Горький апельсин - [59]

Шрифт
Интервал

– Я не знала, куда делся Дермод. Я искала его во всех обычных местах: в сломанном тракторе, в курятнике, под его кроватью, – но так и не смогла его найти, чтобы попрощаться. Я написала ему записку и оставила ему же еще одну – для Падди. В ней я просила прощения и пыталась как-то все объяснить.

А вот Питер проявил себя гораздо спокойнее, чем Изабель. Я собрала сумку, мы сели в его машину и уехали. Мне не верилось, что я действительно покидаю это место. Мы остановились пообедать в какой-то гостинице в Корке, и он взял меня за руку, когда я потянулась к половинке грейпфрута, и сказал, что ему все равно, кто отец, мы будем вместе, а остальное не имеет значения. Я опять пыталась ему втолковать, что это не Падди и не кто-нибудь другой, но он приложил палец мне к губам.

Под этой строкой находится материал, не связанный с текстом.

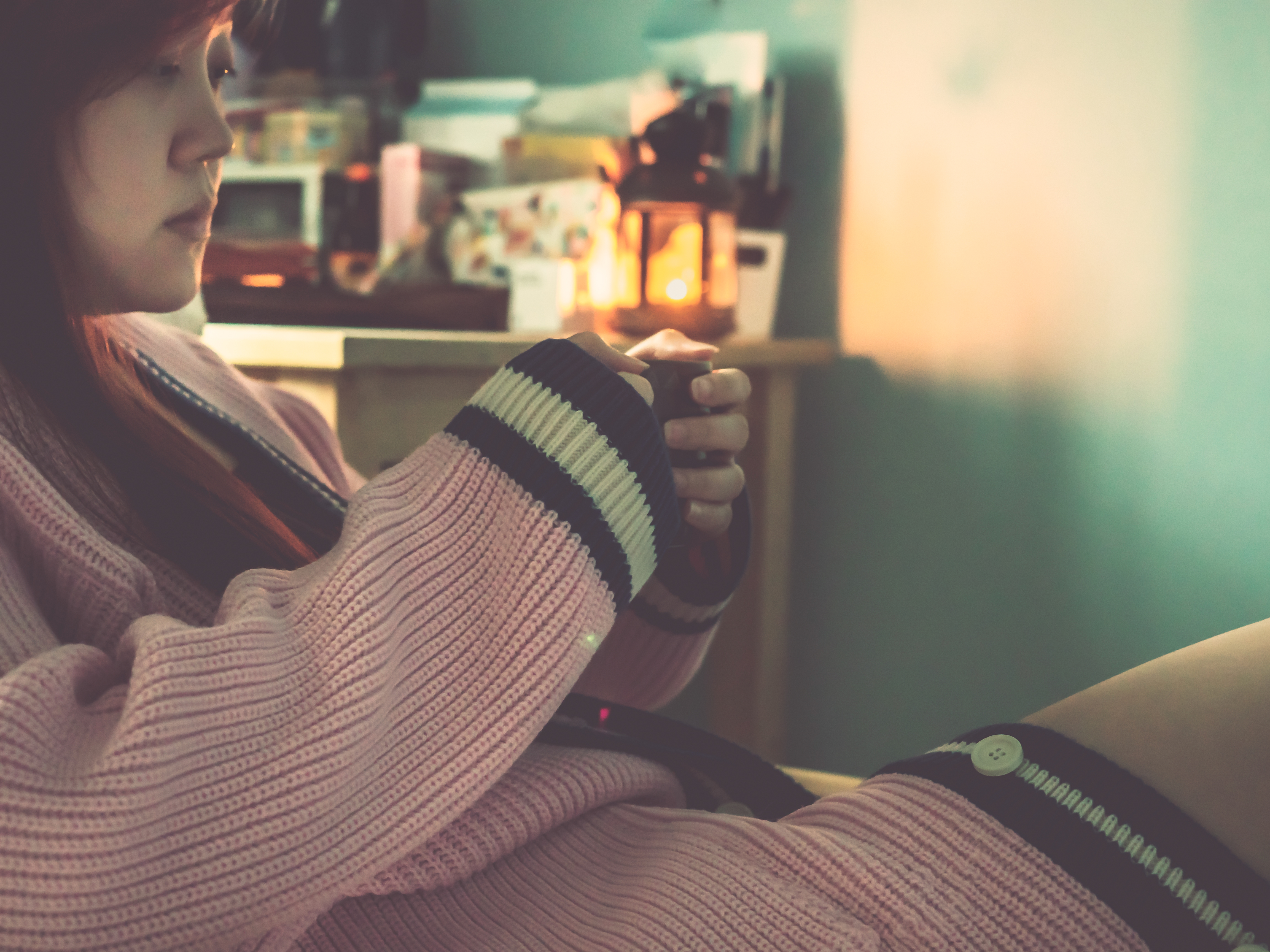 winter season and holiday event concept from beautiful asian woman in pink warm suit hold and drink hot tea or coffee in living room decorate with lantern and christmas item background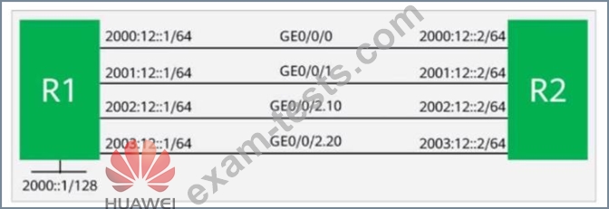 R1 and R2 use directly connected interfaces to establish an EBGP peer relationship. R1 imports 2000:: 1/128 to BGR By default, which of the following is the next hop of the route from R2 to 2000:: 1/128?

Потом он привез меня в маленький домик, который заранее снял на западном побережье. Никакого сравнения с Килласпи: две комнатки, уборная во дворе. Но это было неважно. Он купил мне дешевенькое обручальное колечко (то самое, которое я выбросила в озеро), чтобы я выглядела как приличная дама. Мы провели там две недели – видимо, что-то вроде медового месяца, – потом ему нужно было возвращаться на работу. Он взял напрокат два велосипеда, и мы колесили по узким дорогам, доезжали до моря. Бывало, мы сидели на скамейке возле бакалейной лавки О’Доуда, держались за руки и страшно мерзли. Он покупал диких устриц, и я ему показывала, как их открывать и как глотать целиком. Про ребенка мы не говорили. После нашего обеда в Корке мы его упоминали только один раз – в нашу первую ночь в этом домике, когда Питер сказал: мол, он слышал, что для будущей матери не очень хорошо заниматься любовью, это может что-то там попортить, а он не хочет повредить ни мне, ни ребенку.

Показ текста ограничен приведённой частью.